Could tight election races in both parties lead to brokered conventions?
By Matt Stearns | McClatchy Newspapers
* Posted on Friday, January 25, 2008
WASHINGTON — What happens if the primaries don't produce presidential nominees for one party — or the other — or both?
For Democrats, the Hillary Clinton-Barack Obama race could continue through the primaries. If John Edwards stays in, he could win enough delegates to prevent either Clinton or Obama from securing enough convention delegates to win the nomination.
On the Republican side, the once implausible seems possible. Three candidates — Mike Huckabee, John McCain and Mitt Romney — each have won important early contests. All show strength among disparate party constituencies. A fourth candidate, Rudy Giuliani, hasn't seriously competed in any primaries yet. It's possible that the four could split primary wins — and delegates — all the way through the primary season, leaving none with a majority of delegates.

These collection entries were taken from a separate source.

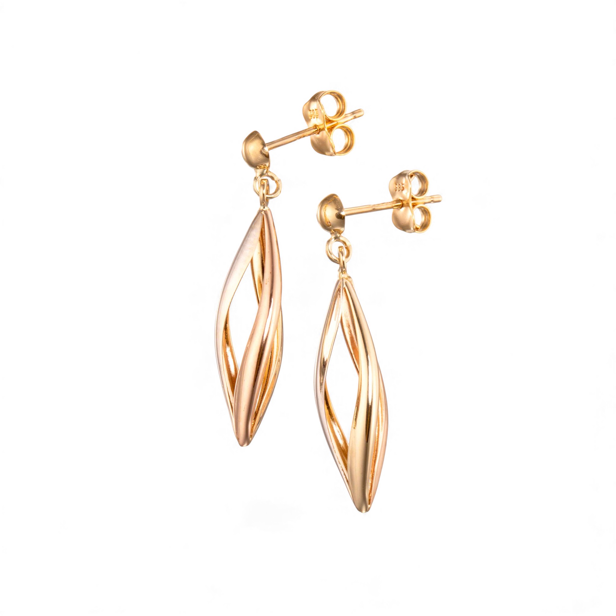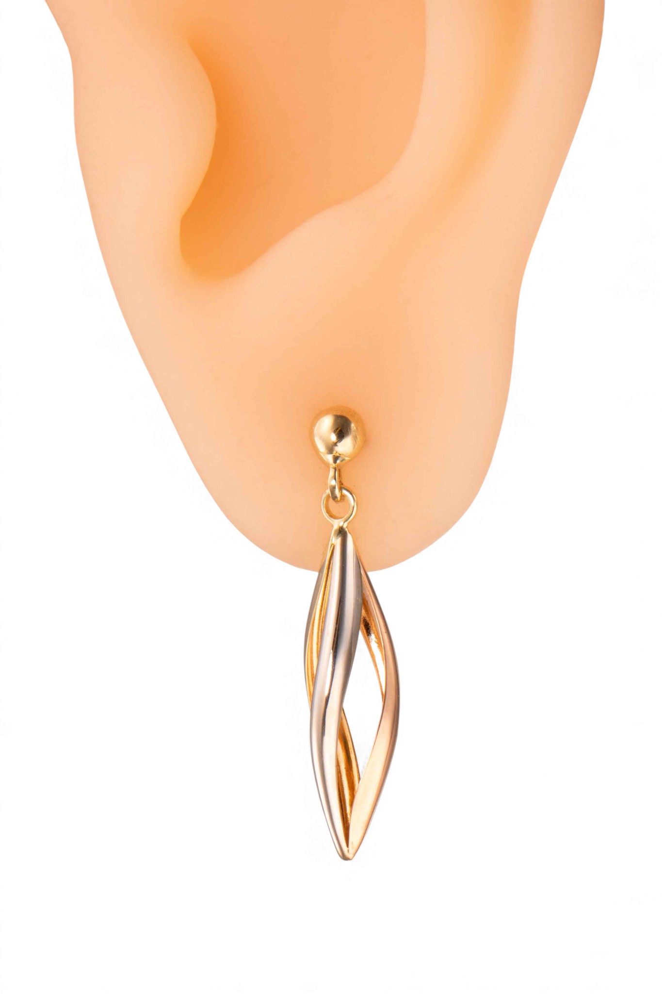 Par: Øredobber med langt heng i 14 karat gult og hvitt gull. Ansvarsmerket «SE» for Sigmund Espeland. Årnes. 1900-tallets andre halvdel.
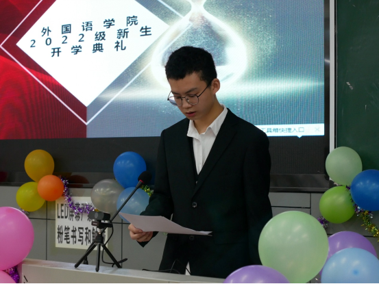2022年级英语专业学生奚永豪代表新生发言。他表达了自己初到攀大时的感受和对未来的规划,并同全体新生共同承诺:“以饱满的精神状态投入到大学中,不断突破自我,为祖国事业挥洒汗水。”
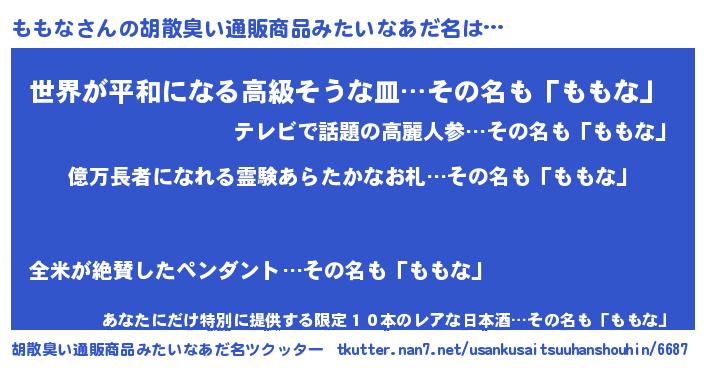 | ヘコむあだ名 | 『もももー』『なまこ酢』『ももっ子』 |
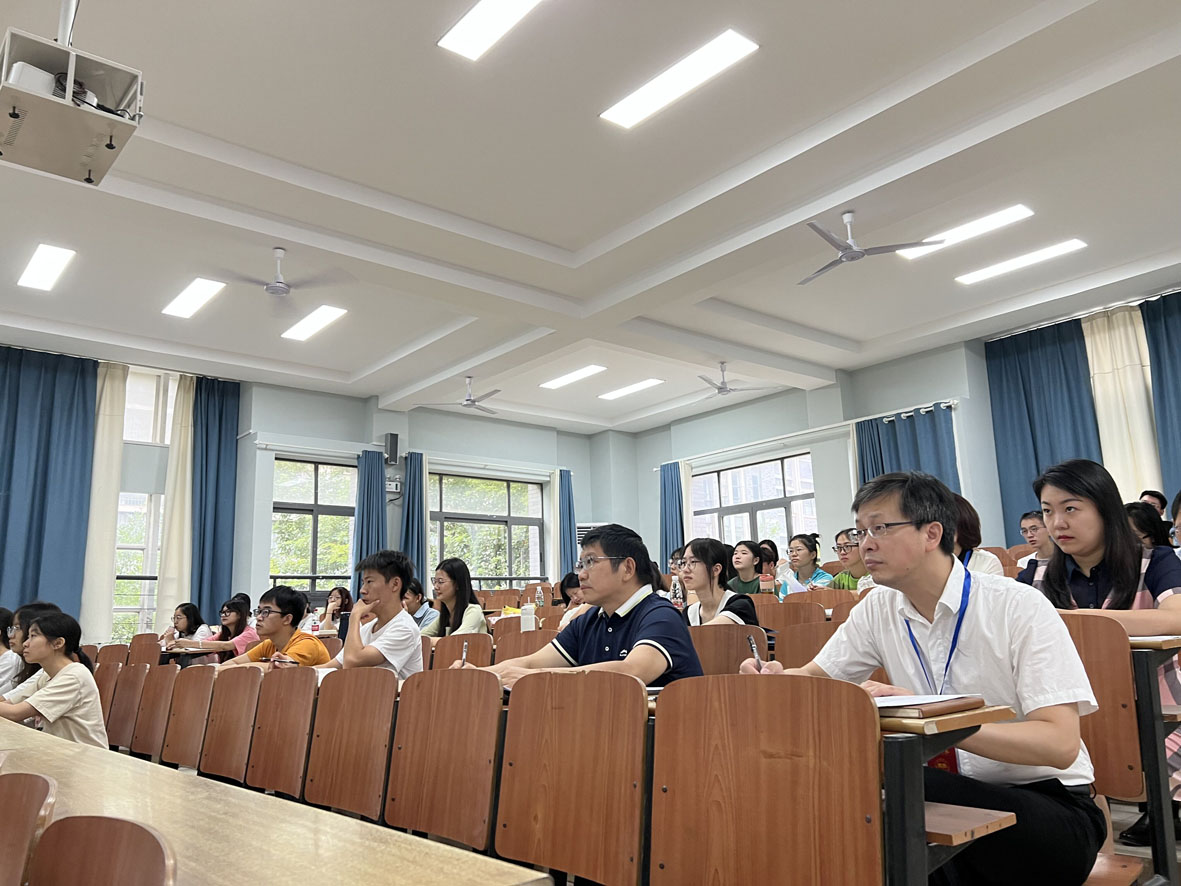 公司党委书记罗成翼深入教学现场查看了课堂教学秩序、教学设备设施运行等情况,并随机听取了青年教师刘霞任教的“马克思主义基本原理”课。“两性一度”专项座谈会在特立楼北208会议室召开。会上,太阳成集团tyc122cc经理陈明从教研教学、团队建设、科学研究、人才培养等方面汇报了公司推进“两性一度”工作的整体安排;太阳成集团tyc122cc副经理、党委副书记(主持工作)阮东彪汇报了公司学习贯彻关于“两性一度”的文件制度情况。副经理王竹苗从人才培养方案、课程大纲修订、课程建设、教学改革等方面汇报了公司具体落实“两性一度”工作的情况。公司党委副书记胡英汇报了毕业生就业指导、四六级工作、考研复习指导等工作。
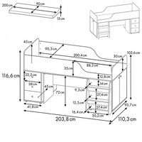 КИДАС, кровать-чердак с письменным столом и шкафом, белый, 90х200см, М8

Suddenly those summer conventions — ridiculed in recent years as four-day parties with scripted outcomes — could matter: Delegates might have to stay awake and sober long enough to choose a nominee.
"It's not so amazing," said R. Craig Sautter, who's written three books on presidential nominating conventions. "Any time you have more than two candidates who are strong, you have the possibility of nobody going into the convention with enough delegates."
It hasn't been that way for a long while.